Thing I Learned Today: The 3SAT Problem

by Brian Shourd on October 30, 2012

Tags: math

Today’s post is short: I learned about the 3SAT Problem. The term “3SAT” stands for “Boolean Satisfyability Problem where each clause contains 3 variables”. Here is the problem:

Given an expression of the form \((y_{i_1} \vee y_{i_2} \vee y_{i_3}) \wedge (y_{i_4} \vee y_{i_5} \vee y_{i_6}) \wedge \ldots \wedge (y_{i_{n-2}} \vee y_{i_{n-1}} \vee y_{i_n})\) where each \(y_{i_k}\) is one of the variables \(x_1, x_2, \ldots, x_m\) or \(\neg x_1, \neg x_2, \ldots, \neg x_m\) (where \(\neg\) is logical negation), is there a way to assign TRUE or FALSE to each \(x_i\) so that the entire expression evaluates to TRUE?

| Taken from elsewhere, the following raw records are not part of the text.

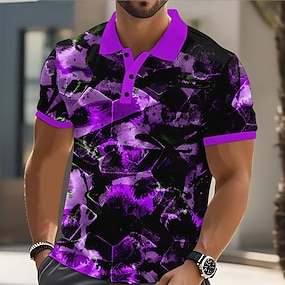 Per uomo Marmo Polo Manica Corta Magliette polo Bavero Casual Athleisure Abbigliamento quotidiano Stampa 3D Bottoni Primavera & Estate Viola Nero
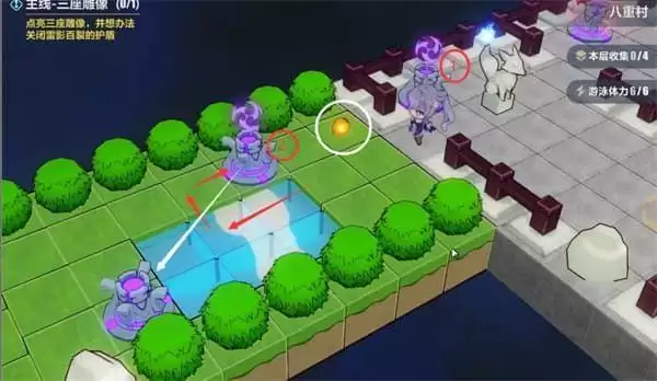 接下来是本关是树莓和全收集,刚刚点亮全部神像后顺带就把雷元素放在图中1号充电桩处,打开左边的区域。(1号和2号的命名我们稍后会用到)树莓别忘了,拿取2号充电桩上的雷元素需要注意按照图中红色箭头走,不能带着雷元素下水,否则会重来。
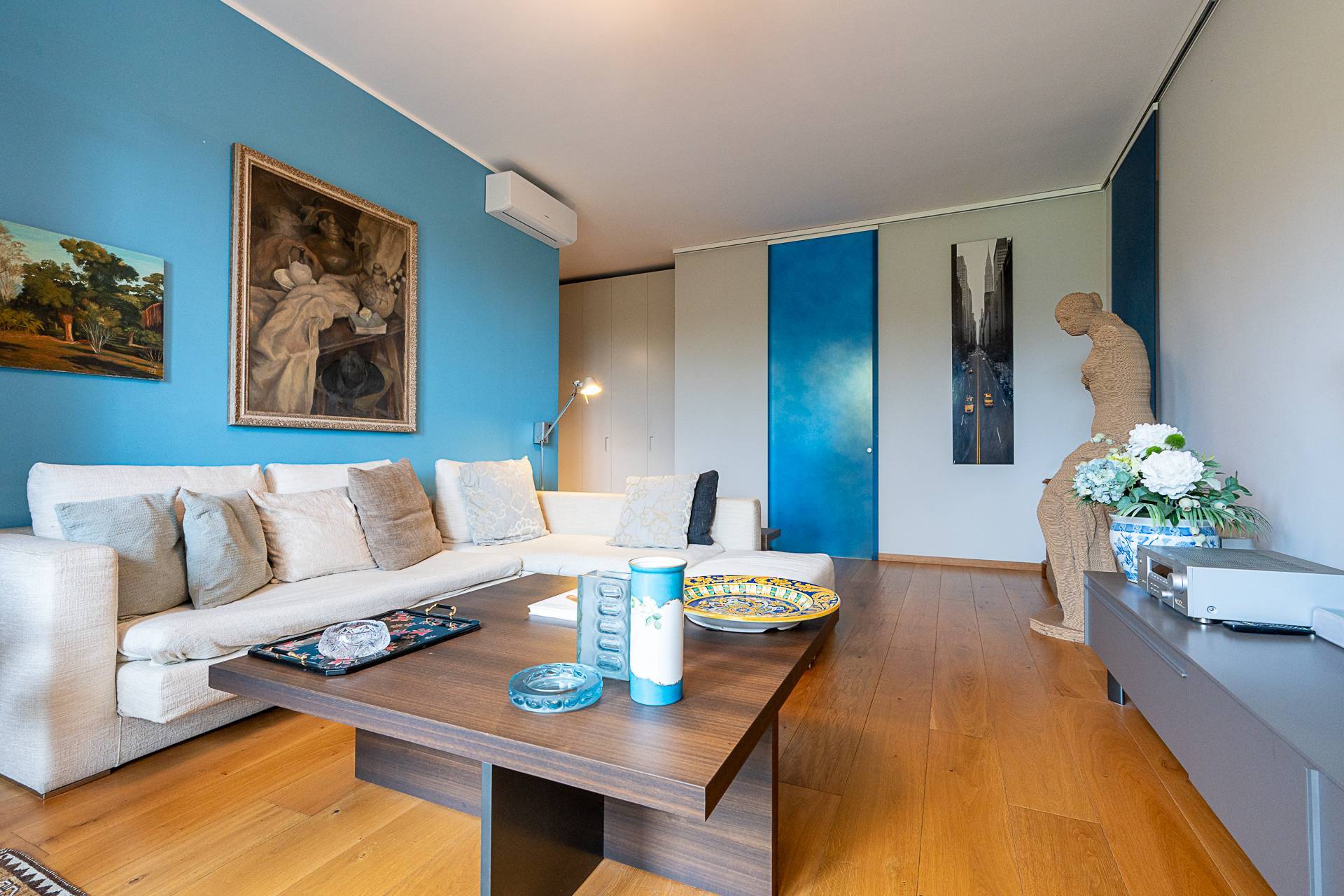 Lingresso conduce a un raffinato soggiorno living con ampi balconi panoramici e splendida vista sulle colline.
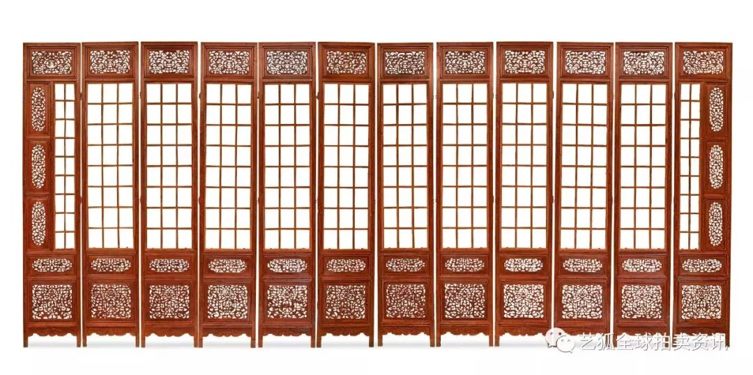 明末清初 黄花梨螭龙捧寿纹隔扇 (十二扇)

This family of problems is NP-Complete, which informally means that they are really hard to solve in general. That is, all known algorithms for solving all 3SAT problems increase in the time they take to work quickly when more and more variables are added. A specific 3SAT problem might be really easy to solve, or even entire classes of 3SAT problems. But it is definitely not easy to solve all 3SAT problems with a single, generic, algorithm.